- Born: 23 September 1955 (age 70) Guizhou, China
- Education: Shanghai Theatre Academy
- Occupation: Actor
- Years active: 1989–present
- Notable work: Deng Xiaoping at History's Crossroads
- Political party: Communist Party

Chinese name
- Traditional Chinese: 馬少驊
- Simplified Chinese: 马少骅

Standard Mandarin
- Hanyu Pinyin: Mǎ Shàohuá

= Ma Shaohua =

Chinese actor

Ma Shaohua (born 23 September 1955) is a Chinese actor best known for portraying historical figures such as Sun Yat-sen and Deng Xiaoping in several films and television series. He became widely known to audiences with Towards the Republic, The Emperor in Han Dynasty, The Rise of the Tang Empire, and Deng Xiaoping at History's Crossroads.
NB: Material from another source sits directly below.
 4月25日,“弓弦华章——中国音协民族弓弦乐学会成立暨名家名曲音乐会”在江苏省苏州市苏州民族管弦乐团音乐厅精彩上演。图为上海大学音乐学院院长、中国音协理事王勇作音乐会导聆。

== Early life and education ==
Ma was born into a Hui family in Guizhou, on 23 September 1955. After the third grade of primary school, he attended Beijing Opera Class of Guizhou Art School, studying Laosheng. In 1969, he became an actor at the Cultural Work Corps of Guizhou Military District and moved to Guizhou Modern Drama Troupe in 1975. After resuming the college entrance examination, in 1978, he entered Shanghai Theatre Academy, majoring in comedy.

== Acting career ==
Ma made his screen debut with a supporting role as Sun Yat-sen in Li Dazhao (1989). In 1997, Ma made his film debut with a small role in the war film The Ninth Battalion.

In 2000, he portrayed Sun Yat-sen in the biographical television series Civilian President.
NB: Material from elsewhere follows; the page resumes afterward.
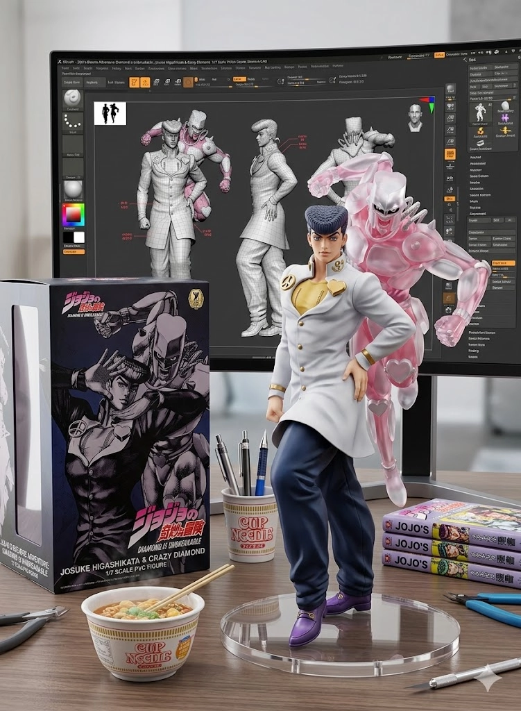 桌面上另外放置了泡麵,鋼珠筆和漫畫書,以及其模型盒,設計為市售收藏品風格,正面印有該角色的暗色立體感插圖,呈現完整的周邊商品氛圍。」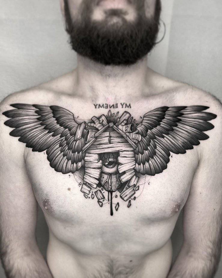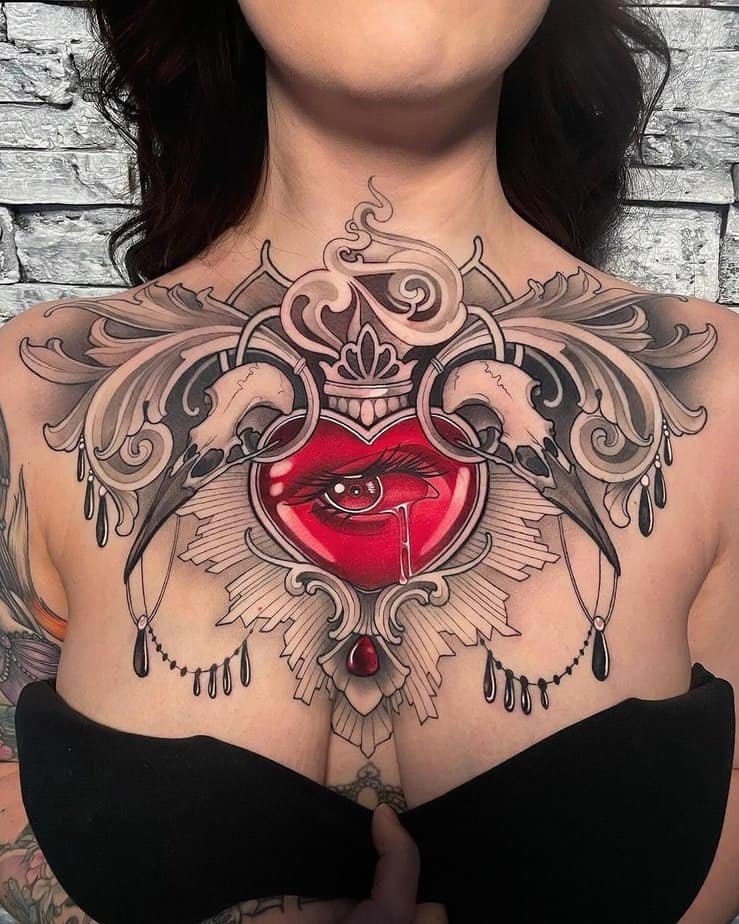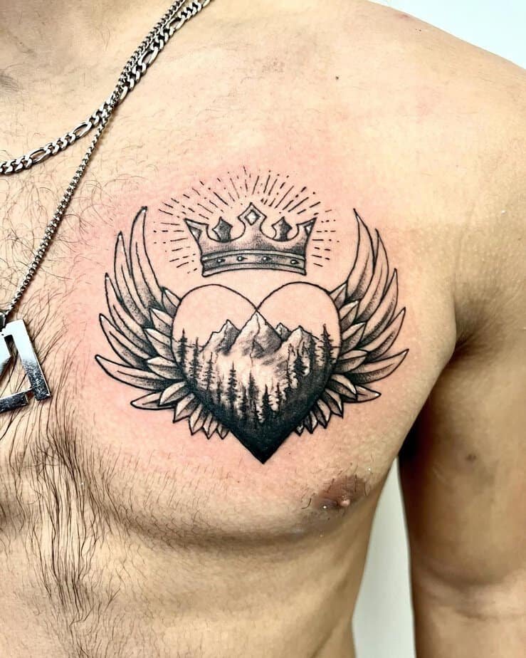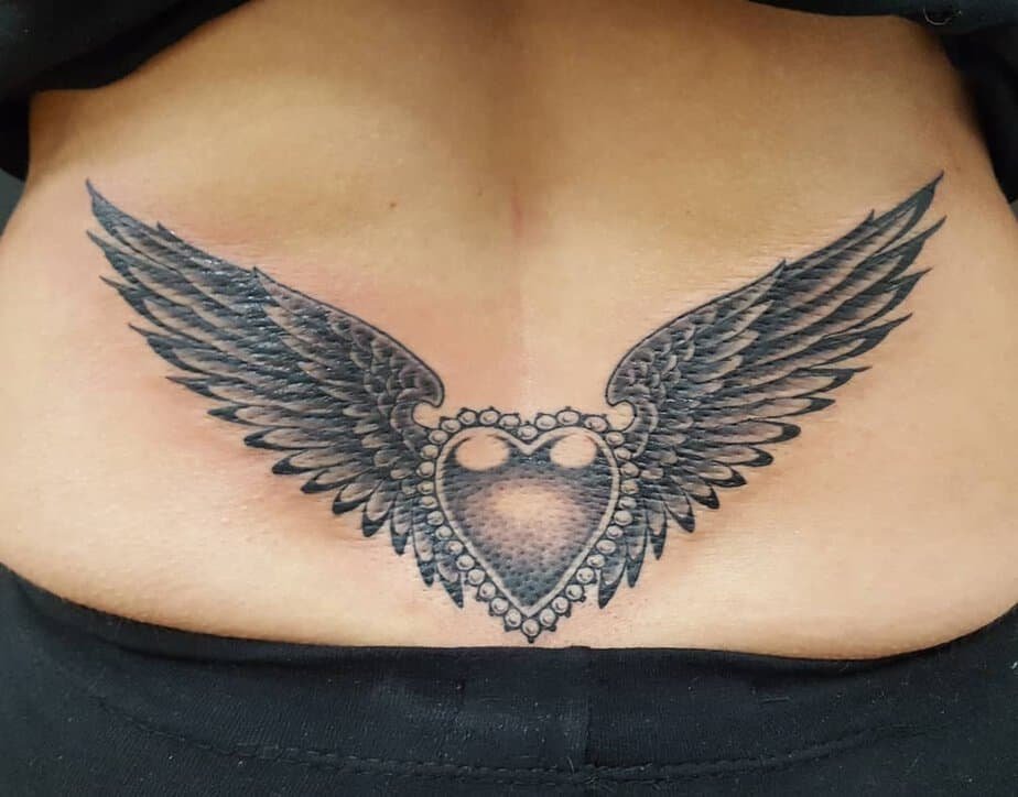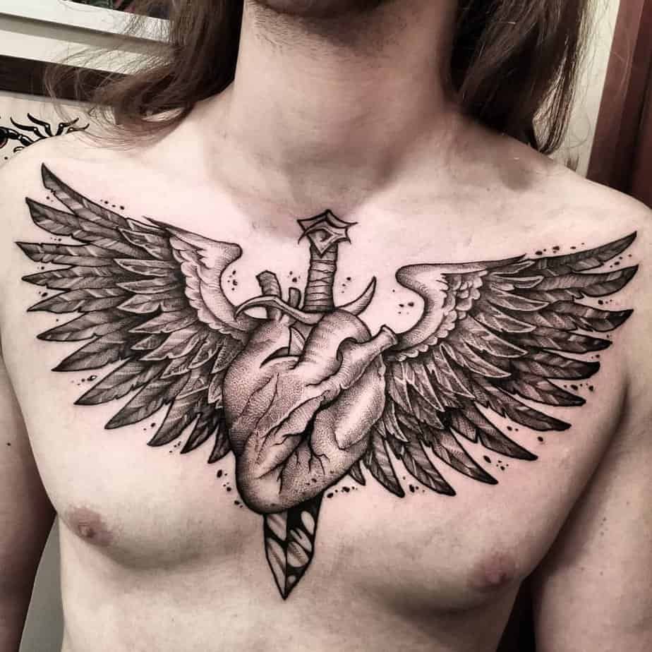 This chest piece doesn’t whisper — it roars. Big wings, a strong heart, and placement that says you wear your story proudly. It’s fierce and unapologetic, the kind of tattoo that makes people look twice and remember you. If you want a visible badge of feeling, this is it.

Ma starred as Sun Yat-sen, reuniting him with co-star Zhou Li, who played Song Qingling, in the 2001 biographical film Twelve Years of Wind and Rain.

In 2002, he guest-starred on the historical television series Towards the Republic, playing Sun Yat-sen.

Ma took the lead role as Zhang Daqian in the 2003 biographical television series Legend of Dun Huang: Zhang Daqian.

In 2005, he participated in The Emperor in Han Dynasty as Dou Ying, prime minister of the Han Empire.

Ma co-starred with Ma Yue and Jin Shijie in the 2006 historical television series The Rise of the Tang Empire as Zhangsun Wuji, the prime minister of Tang Empire.

In 2009, he appeared in Ning Hao's black comedy film Crazy Racer, playing the coach of Huang Bo's character. For his role in Yimeng, Ma was nominated Outstanding Actor at the 28th Flying Apsaras Awards. That same year, he was nominated for Best Actor at the 25th China TV Golden Eagle Award for his performance in Stranger.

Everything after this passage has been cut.